** Provided records **
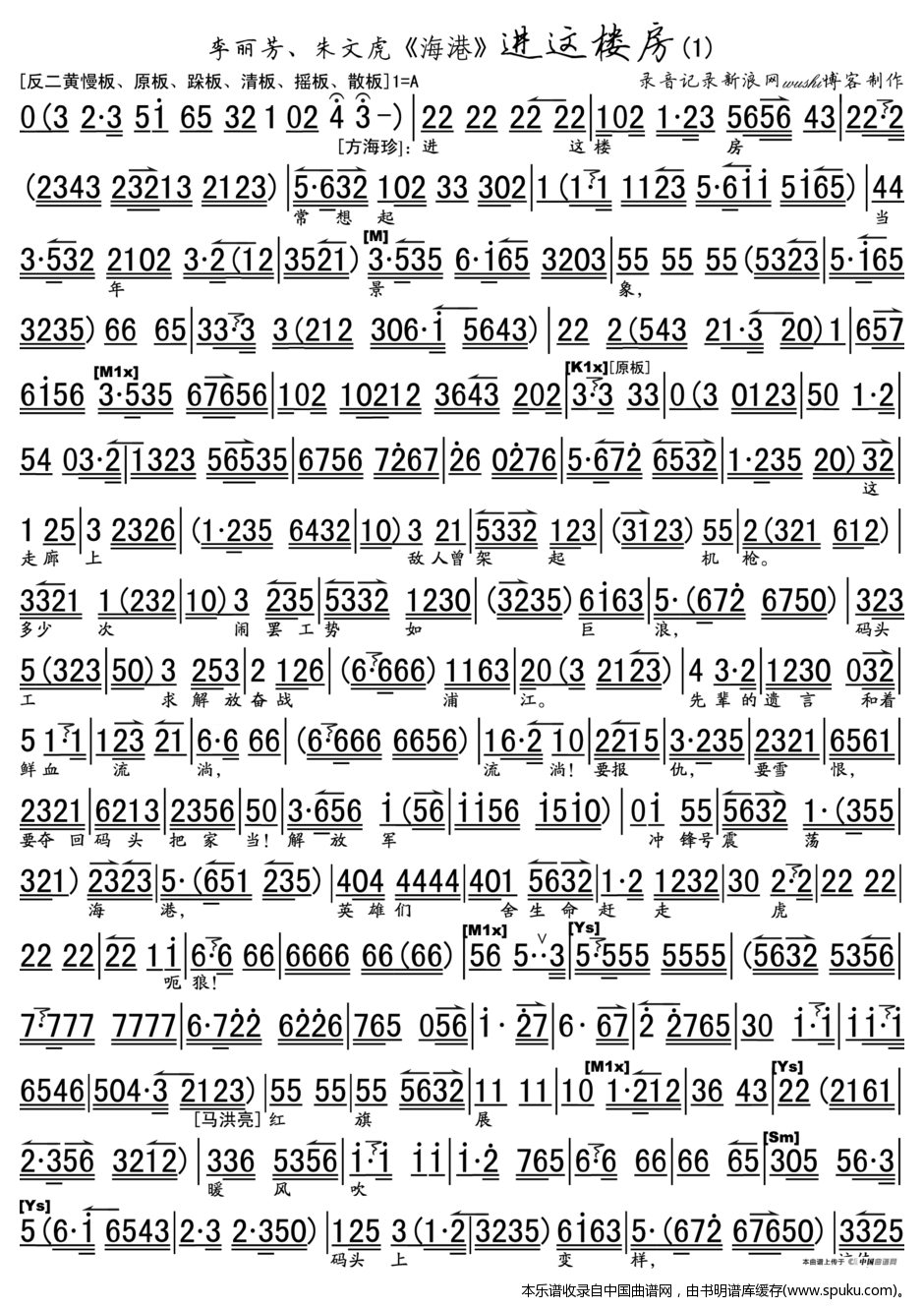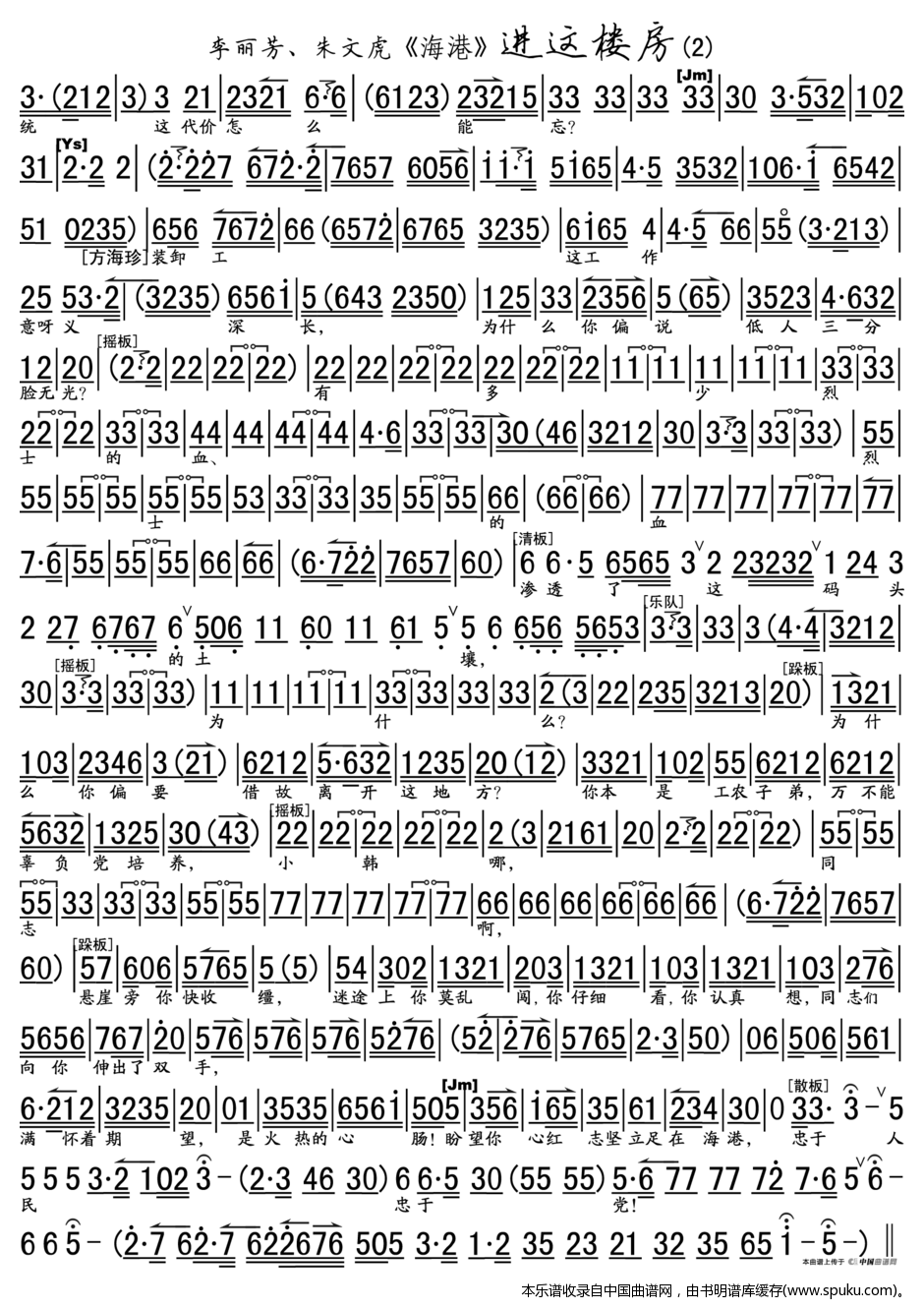 > 进这楼房常想起当年景象 海港 选段 琴谱 京剧戏谱
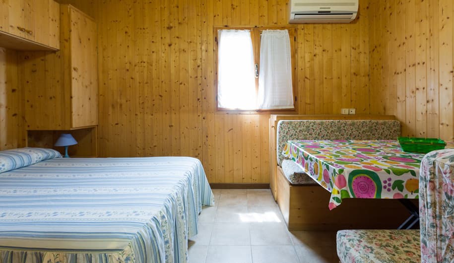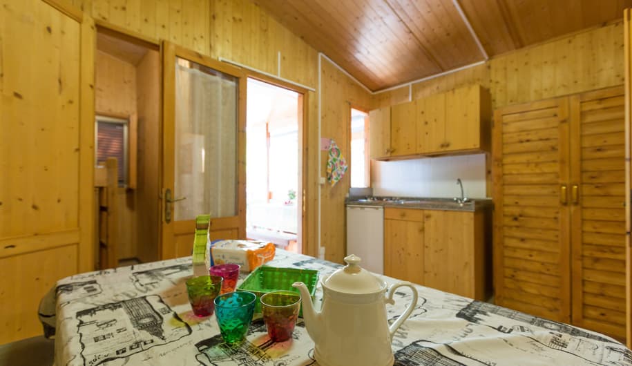 3. Chalet 6 Posti: 40MQ – Camera matrimoniale, camera con due letti a castello, bagno, cucina, veranda.
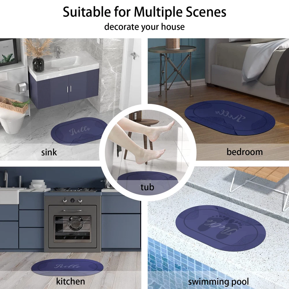 Absorbent & Quick Dry: The 3.5mm thickened soft diatom mud layer has better water absorption. With many small holes inside, this mat can speed up the penetration and evaporation of water, increase the surface to the air and make wet footprints disappear magically in just a few minutes. Super Non-slip Bottom: The anti-slip rubber backing has a special texture, which can firmly fix the bathroom mat on the wet floor and avoid accidents. Washable & Dirt Resistant: The mat is machine washable. It has a smooth surface and super easy to clean. You can get it clean with the shower head and make it like new. Soft Touch & No Shedding: The surface of the mat is made of high-quality faux suede fabric, which is soft and comfortable to keep your bare feet warm even in cold weather. Unlike plush floor mats that contain a lot of microfiber, this product does not shed lint everywhere. Suitable for multiple scenes: This Hello doormat can be used not only in the bathroom, but also on the front door, entryway, stairs, patio, laundry, balcony, kitchen or any area where it can be used to decorate the house and greet guests.
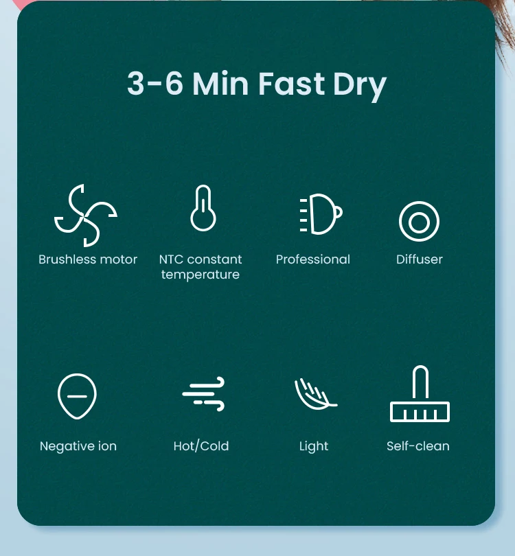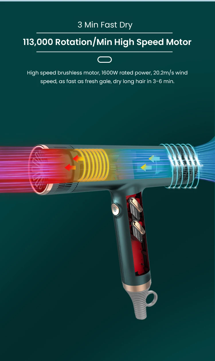 Товар: фен для волос бесщеточный высокоскоростной двигатель 20,2/м/с скорость ветра 113000 об/мин двигатель 3 шестерни температуры самоочищающийся цифровой экран воздушный диффузор Профессиональные Стильные насадки
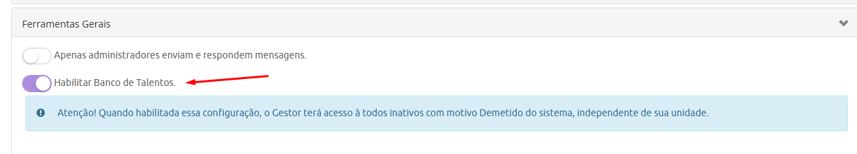 Primeiramente, para que esta funcionalidade possa ser utilizada, é necessário habilitá-la no Configurador Geral, indo em menu CONFIGURADOR GERAL>FERRAMENTAS GERAIS>HABILITAR BANCO DE TALENTOS, conforme imagem abaixo:
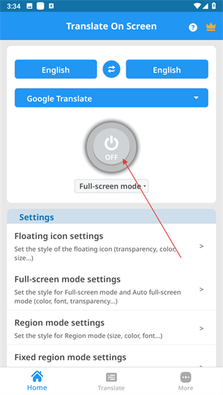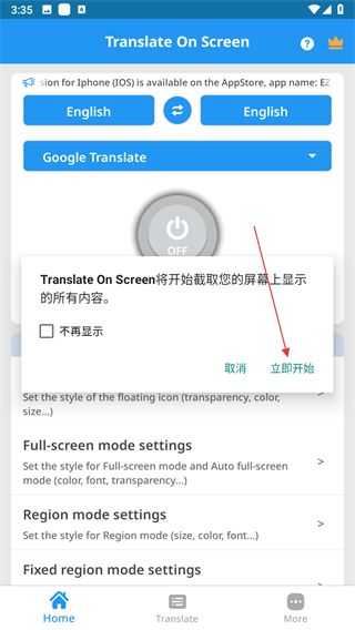 1、打開屏幕翻譯器應用,點擊中間的電源開關按鈕。
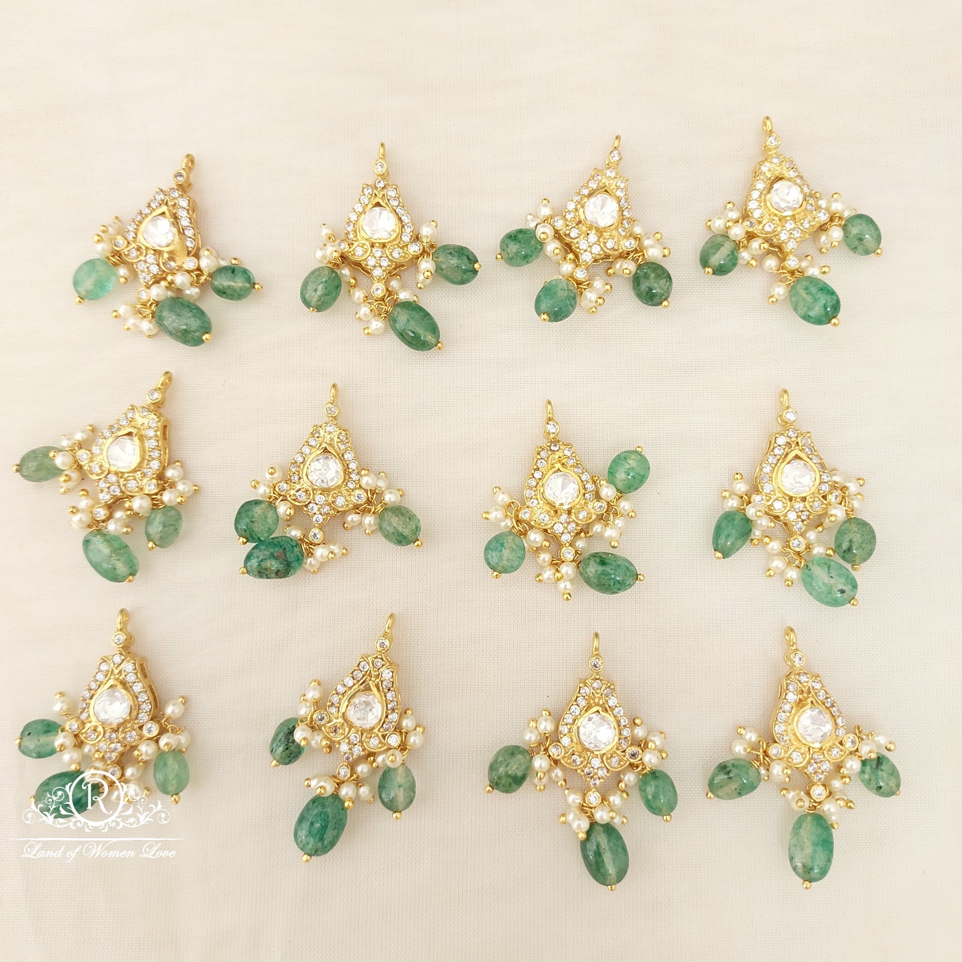 Silver base gold polish with green beads hanging Mosiznites Stones pendant model
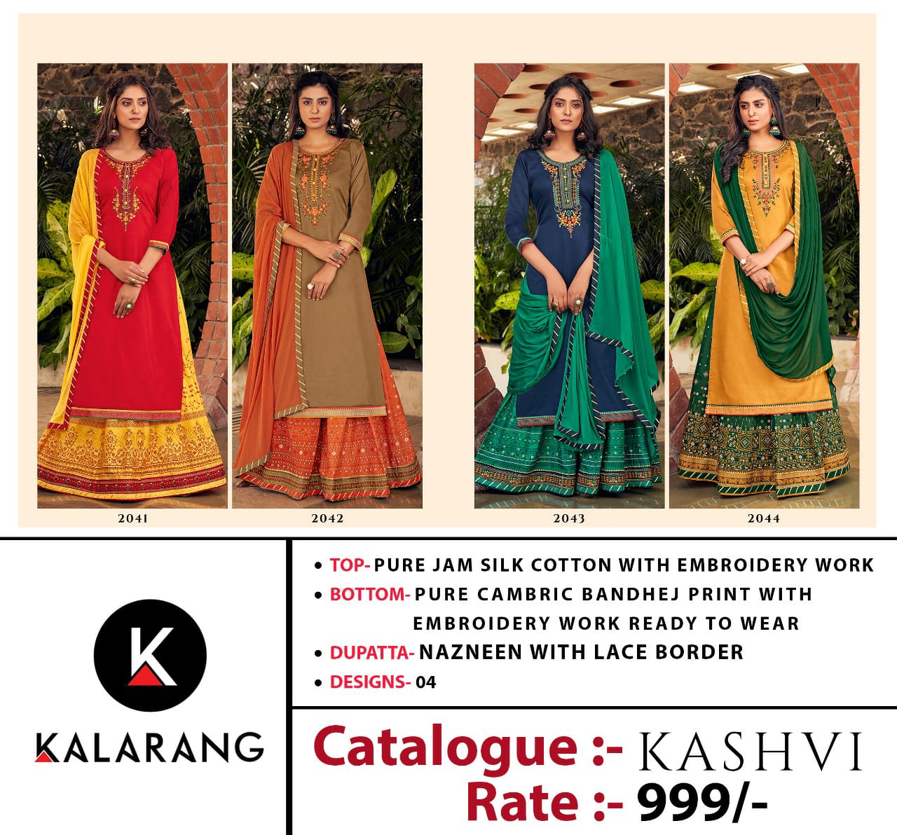 Buy Online Kashvi By Kalarang Manufacturer Traders Surat 4 Pcs of Full Catalogue at Wholesale Price. Looking for Kashvi By Kalarang Manufacturer Traders Surat Full Catalouge at Best Price? Buy Now Kashvi By Kalarang Manufacturer Traders Surat at Wholesale Rate of Rs 3996 with Total 4 Pcs from authroized dealer and supplier of KALARANG Brand. Cost of Each piece is just only Rs 999 which is very low and affordable price to resale the product in your retail store ,This is Surat based Wholesale Supplier & Dealer of KALARANG Brand. Click on Brand name to Know more about KALARANG Brand's products.Call or Whatsapp on 9898838984 for booking or enquiry
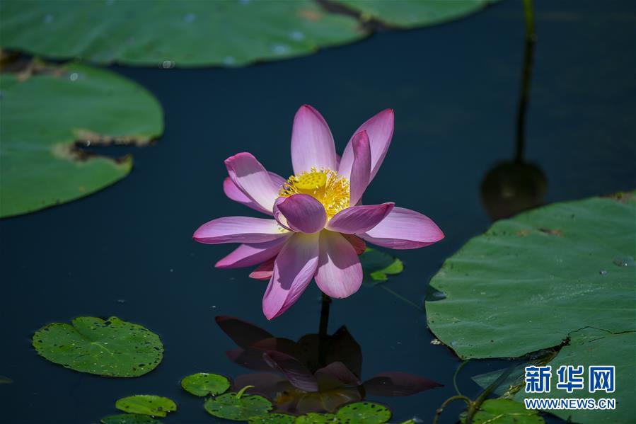 这是在长春南湖公园拍摄的荷花(7月16日摄)。 近日,吉林长春南湖公园荷花进入盛花期,吸引众多市民和游客前来观赏。 新华社记者 张楠 摄

** Exercise instructions **
Omit the pictures. Transcribe every record exactly.

** Reply to the exercise **
 > 进这楼房常想起当年景象 海港 选段 琴谱 京剧戏谱
 3. Chalet 6 Posti: 40MQ – Camera matrimoniale, camera con due letti a castello, bagno, cucina, veranda.
 Absorbent & Quick Dry: The 3.5mm thickened soft diatom mud layer has better water absorption. With many small holes inside, this mat can speed up the penetration and evaporation of water, increase the surface to the air and make wet footprints disappear magically in just a few minutes. Super Non-slip Bottom: The anti-slip rubber backing has a special texture, which can firmly fix the bathroom mat on the wet floor and avoid accidents. Washable & Dirt Resistant: The mat is machine washable. It has a smooth surface and super easy to clean. You can get it clean with the shower head and make it like new. Soft Touch & No Shedding: The surface of the mat is made of high-quality faux suede fabric, which is soft and comfortable to keep your bare feet warm even in cold weather. Unlike plush floor mats that contain a lot of microfiber, this product does not shed lint everywhere. Suitable for multiple scenes: This Hello doormat can be used not only in the bathroom, but also on the front door, entryway, stairs, patio, laundry, balcony, kitchen or any area where it can be used to decorate the house and greet guests.
 Товар: фен для волос бесщеточный высокоскоростной двигатель 20,2/м/с скорость ветра 113000 об/мин двигатель 3 шестерни температуры самоочищающийся цифровой экран воздушный диффузор Профессиональные Стильные насадки
 Primeiramente, para que esta funcionalidade possa ser utilizada, é necessário habilitá-la no Configurador Geral, indo em menu CONFIGURADOR GERAL>FERRAMENTAS GERAIS>HABILITAR BANCO DE TALENTOS, conforme imagem abaixo:
 1、打開屏幕翻譯器應用,點擊中間的電源開關按鈕。
 Silver base gold polish with green beads hanging Mosiznites Stones pendant model
 Buy Online Kashvi By Kalarang Manufacturer Traders Surat 4 Pcs of Full Catalogue at Wholesale Price. Looking for Kashvi By Kalarang Manufacturer Traders Surat Full Catalouge at Best Price? Buy Now Kashvi By Kalarang Manufacturer Traders Surat at Wholesale Rate of Rs 3996 with Total 4 Pcs from authroized dealer and supplier of KALARANG Brand. Cost of Each piece is just only Rs 999 which is very low and affordable price to resale the product in your retail store ,This is Surat based Wholesale Supplier & Dealer of KALARANG Brand. Click on Brand name to Know more about KALARANG Brand's products.Call or Whatsapp on 9898838984 for booking or enquiry
 这是在长春南湖公园拍摄的荷花(7月16日摄)。 近日,吉林长春南湖公园荷花进入盛花期,吸引众多市民和游客前来观赏。 新华社记者 张楠 摄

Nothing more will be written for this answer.